Portanto, os conservadores, os preconceituosos, os racistas, os machistas, os homofóbicos que se dizem sustentados nas ideias e nos atos de Jesus de Nazaré ou não as conhecem ou são simplesmente oportunistas mal intencionados.
Além disso, não há nenhum registro de que Jesus passasse a sacolinha depois dos seus sermões. Nem que oferecesse bugigangas com seu retrato estampado ou tentasse convencer o povo que lhe ouvia a comprar água do Rio Jordão engarrafada ou algum óleo milagroso.

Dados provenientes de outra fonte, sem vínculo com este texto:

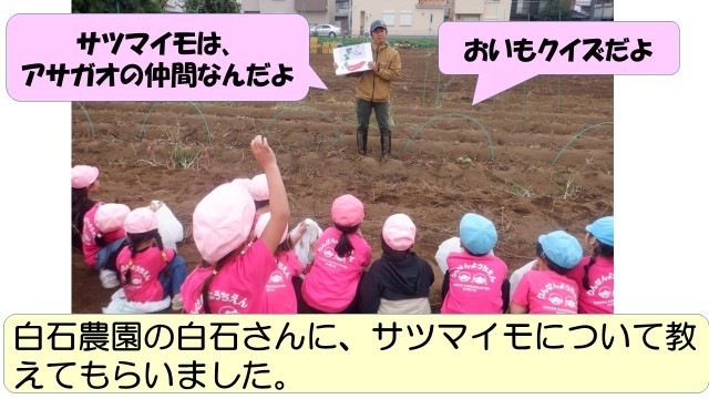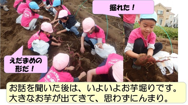「あと何回寝たら遠足?」と日を数えて楽しみにしていた芋ほり遠足。雨にも降られず、芋畑に行くことができました。
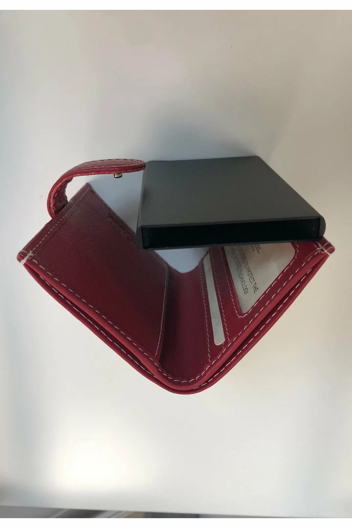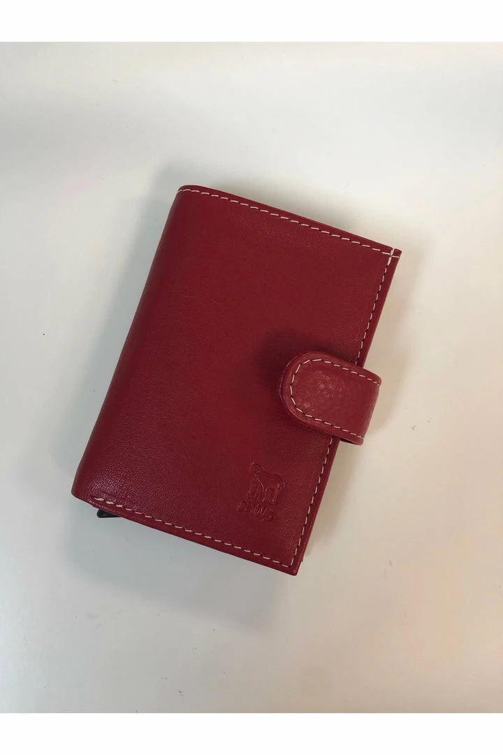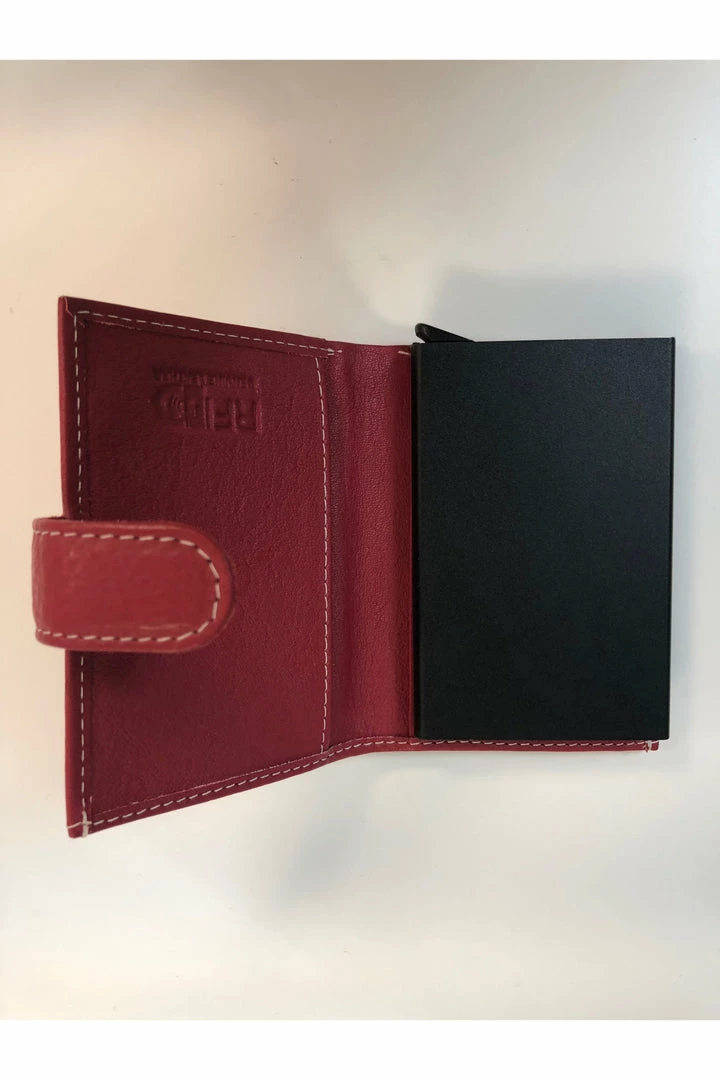 A Credit card wallet with an auto mechanism to push out the cards.Â
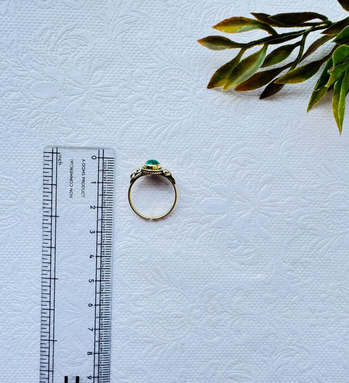 Brass Green Malachite Stone Ring with Matte Finish
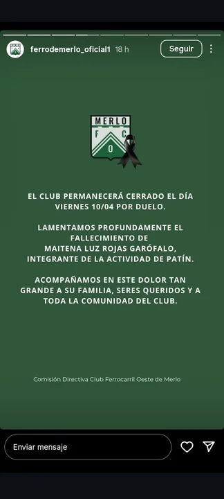 Por su parte, la Comisión Directiva del club Ferrocarril oeste de Merlo, donde la adolescente practicaba patín, también se expresó sobre el deceso: “Lamentamos profundamente el fallecimiento de Maitena. Acompañamos en este dolor tan grande a su familia, seres queridos y la comunidad del club”.
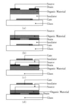 传统的有机场效应晶体管的主要包括底栅和栅两种结构,其中底栅和顶栅结构又分别包括顶接触和底接触两种结构,如图1所示。

E olhe, que ele sim, teria o poder de tornar todas essas coisas santificadas e verdadeiramente milagrosas.

Mas, pelo contrário, constam das Escrituras que, além de ter multiplicado pães para os famintos, Ele, certo dia, entrou no templo e saiu distribuindo chibatadas no lombo dos vendilhões que haviam transformado a religião em um negócio lucrativo. E, lembre-se, que naquele tempo ainda não havia nenhum religioso milionário, dono de canal de televisão, de banco, de jatinhos de luxo… na lista da Revista Forbes.

Também não consta que Jesus caminhasse com os maiores empresários da Judeia, que deles recebesse “doações” generosas ou que com eles participasse de banquetes em seus palácios. Ao contrário, o que consta é que ele andava com os pobres, os maltrapilhos, os deformados, os leprosos, os doentes, os sem esperança…

Igualmente, não consta das Escrituras Sagradas que Jesus de Nazaré almejasse um lugar no “Sinédrio”, o parlamento judeu que exercia funções políticas e legislativas na Palestina ocupada. Jesus não confundia religião com política partidária. E não muito raramente o contestava duramente, o que resultou na participação do próprio Sinédrio na trama que levou à sua prisão e execução, após terem subornado um de seus apóstolos (Judas Iscariotes) com uma elevada quantia de dinheiro. Prática usual dos políticos corruptos até os dias atuais.

Jesus contestava aquela sociedade desigual, que não se compadecia das mazelas e dos infortúnios de seu povo. Criticava aqueles que se diziam religiosos, mas participavam de tais iniquidades, fazendo vista grossa para as injustiças e utilizando a religião apenas para se beneficiar e para lucrar. E, por isso, foi condenado à pena de morte. Dessa forma, não deixa de ser paradoxal pessoas, autodenominadas religiosas, defenderem a pena morte, em que pese a sua evidente inconstitucionalidade.

Lembre-se ainda, que no seu trajeto até à colina do Gûlgaltâ (que em aramaico arcaico significa Monte da Caveira), local onde eram realizadas as execuções da pena de morte pelos romanos, Jesus foi vítima de violência policial, cometida pelos legionários romanos, que o torturaram diante da multidão que efusivamente a apoiava.

E lá, pregado na cruz, entregou a sua vida e o seu sofrimento a este mundo. Talvez, para que servisse de lembrança e de parâmetro de comparação para o sofrimento de muitos, sob os nosso olhar complacente, indiferente e anestesiado a, todos os dias, consagrar Bar- Abbas.

Portanto, neste dia 24 de dezembro, mesmo que simbolicamente, “Feliz aniversário” a Ele e a todos nós!